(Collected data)

%%

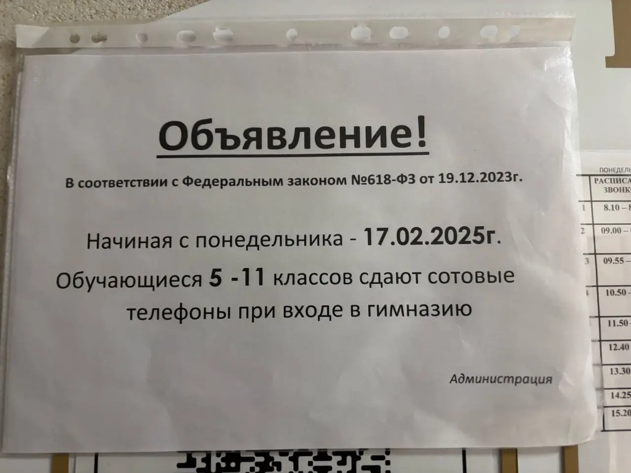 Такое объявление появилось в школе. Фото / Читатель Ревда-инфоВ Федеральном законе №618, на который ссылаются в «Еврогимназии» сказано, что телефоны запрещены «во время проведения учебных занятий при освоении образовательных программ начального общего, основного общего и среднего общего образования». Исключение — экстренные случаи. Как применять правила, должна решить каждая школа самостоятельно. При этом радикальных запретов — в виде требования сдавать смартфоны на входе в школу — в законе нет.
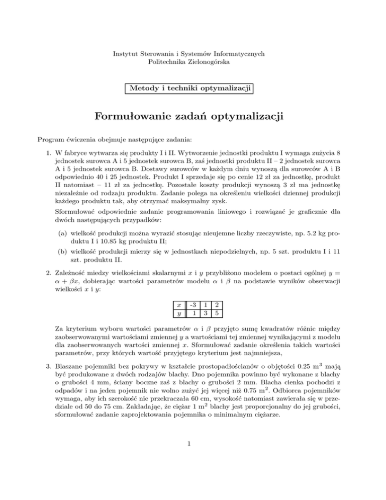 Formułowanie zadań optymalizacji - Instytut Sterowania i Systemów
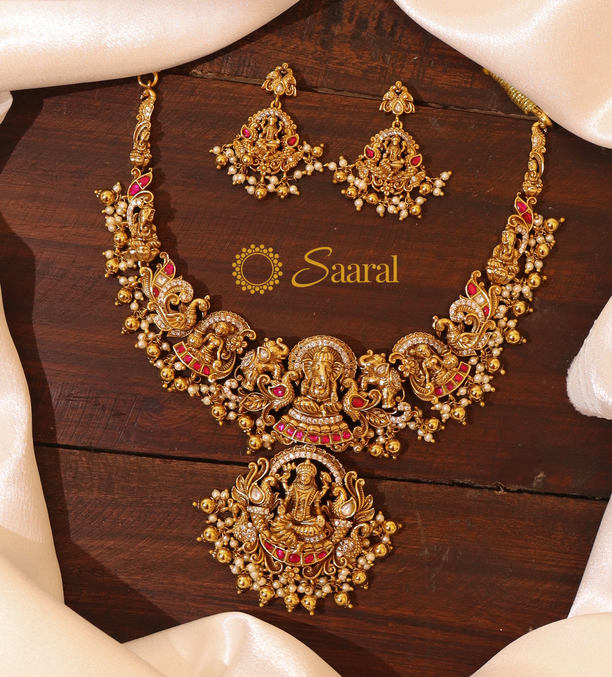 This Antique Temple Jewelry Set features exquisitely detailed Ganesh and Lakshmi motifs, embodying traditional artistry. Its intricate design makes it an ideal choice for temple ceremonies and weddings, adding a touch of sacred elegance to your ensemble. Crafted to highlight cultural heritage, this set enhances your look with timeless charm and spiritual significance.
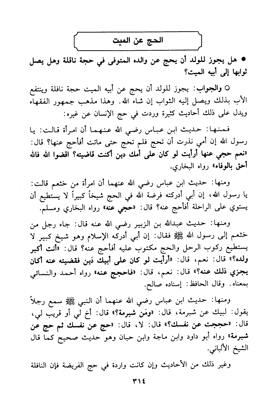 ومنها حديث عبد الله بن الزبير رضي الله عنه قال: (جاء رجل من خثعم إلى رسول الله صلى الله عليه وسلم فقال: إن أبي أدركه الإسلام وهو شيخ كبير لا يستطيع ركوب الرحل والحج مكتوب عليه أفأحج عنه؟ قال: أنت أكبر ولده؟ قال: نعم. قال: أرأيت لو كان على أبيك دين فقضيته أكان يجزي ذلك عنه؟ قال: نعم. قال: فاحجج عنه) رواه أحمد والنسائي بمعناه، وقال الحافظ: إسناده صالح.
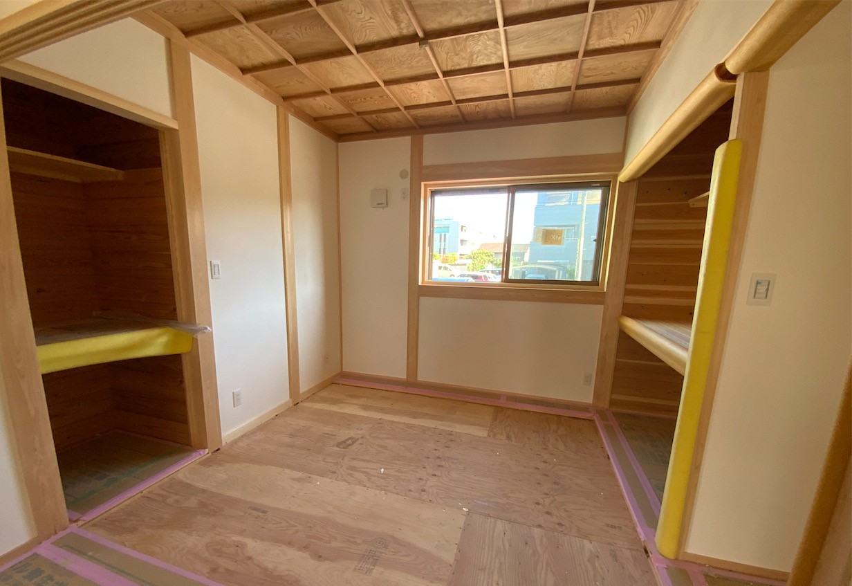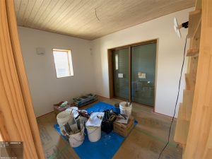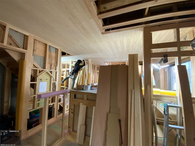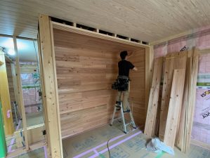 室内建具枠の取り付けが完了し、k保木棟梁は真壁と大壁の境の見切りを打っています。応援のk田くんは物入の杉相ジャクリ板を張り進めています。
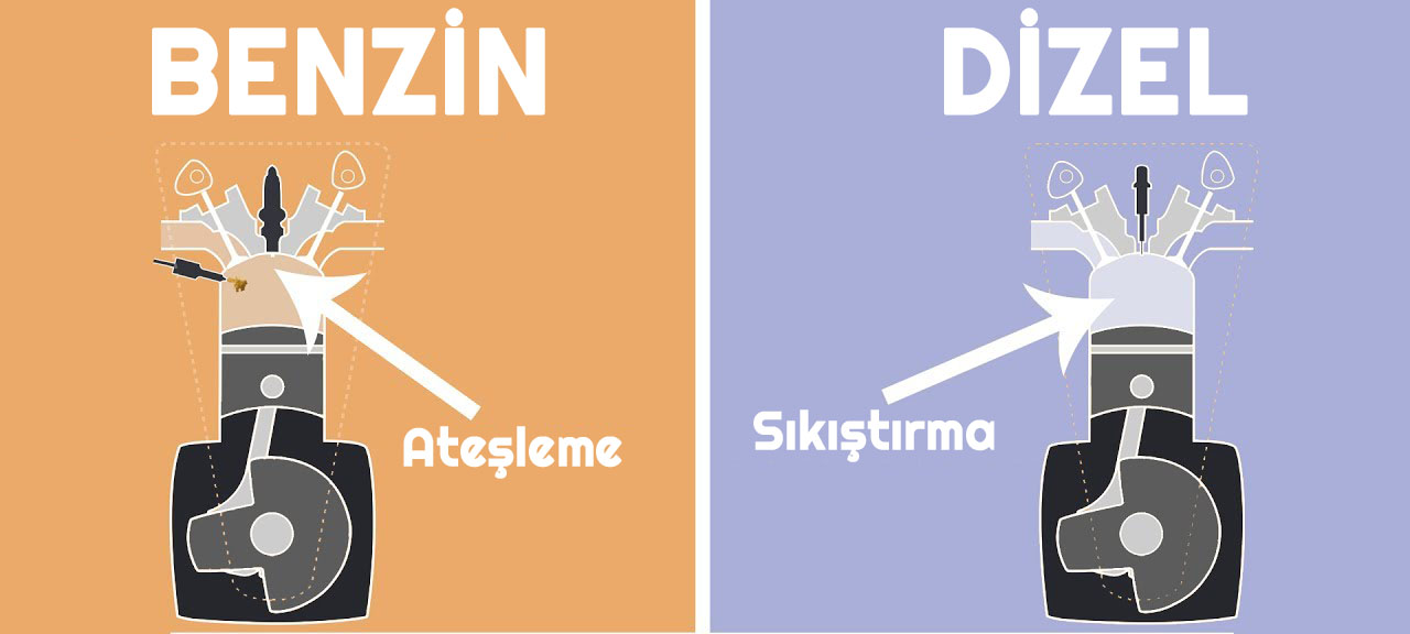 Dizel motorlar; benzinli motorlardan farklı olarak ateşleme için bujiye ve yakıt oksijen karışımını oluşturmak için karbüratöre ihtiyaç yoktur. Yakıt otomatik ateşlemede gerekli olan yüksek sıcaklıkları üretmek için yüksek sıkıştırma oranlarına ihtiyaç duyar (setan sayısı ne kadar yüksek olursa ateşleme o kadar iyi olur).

%%

→ **Task goal**
What is needed is an exact copy of the records above, with no pictures in it.

→ **Output below**
 Такое объявление появилось в школе. Фото / Читатель Ревда-инфоВ Федеральном законе №618, на который ссылаются в «Еврогимназии» сказано, что телефоны запрещены «во время проведения учебных занятий при освоении образовательных программ начального общего, основного общего и среднего общего образования». Исключение — экстренные случаи. Как применять правила, должна решить каждая школа самостоятельно. При этом радикальных запретов — в виде требования сдавать смартфоны на входе в школу — в законе нет.
 Formułowanie zadań optymalizacji - Instytut Sterowania i Systemów
 This Antique Temple Jewelry Set features exquisitely detailed Ganesh and Lakshmi motifs, embodying traditional artistry. Its intricate design makes it an ideal choice for temple ceremonies and weddings, adding a touch of sacred elegance to your ensemble. Crafted to highlight cultural heritage, this set enhances your look with timeless charm and spiritual significance.
 ومنها حديث عبد الله بن الزبير رضي الله عنه قال: (جاء رجل من خثعم إلى رسول الله صلى الله عليه وسلم فقال: إن أبي أدركه الإسلام وهو شيخ كبير لا يستطيع ركوب الرحل والحج مكتوب عليه أفأحج عنه؟ قال: أنت أكبر ولده؟ قال: نعم. قال: أرأيت لو كان على أبيك دين فقضيته أكان يجزي ذلك عنه؟ قال: نعم. قال: فاحجج عنه) رواه أحمد والنسائي بمعناه، وقال الحافظ: إسناده صالح.
 室内建具枠の取り付けが完了し、k保木棟梁は真壁と大壁の境の見切りを打っています。応援のk田くんは物入の杉相ジャクリ板を張り進めています。
 Dizel motorlar; benzinli motorlardan farklı olarak ateşleme için bujiye ve yakıt oksijen karışımını oluşturmak için karbüratöre ihtiyaç yoktur. Yakıt otomatik ateşlemede gerekli olan yüksek sıcaklıkları üretmek için yüksek sıkıştırma oranlarına ihtiyaç duyar (setan sayısı ne kadar yüksek olursa ateşleme o kadar iyi olur).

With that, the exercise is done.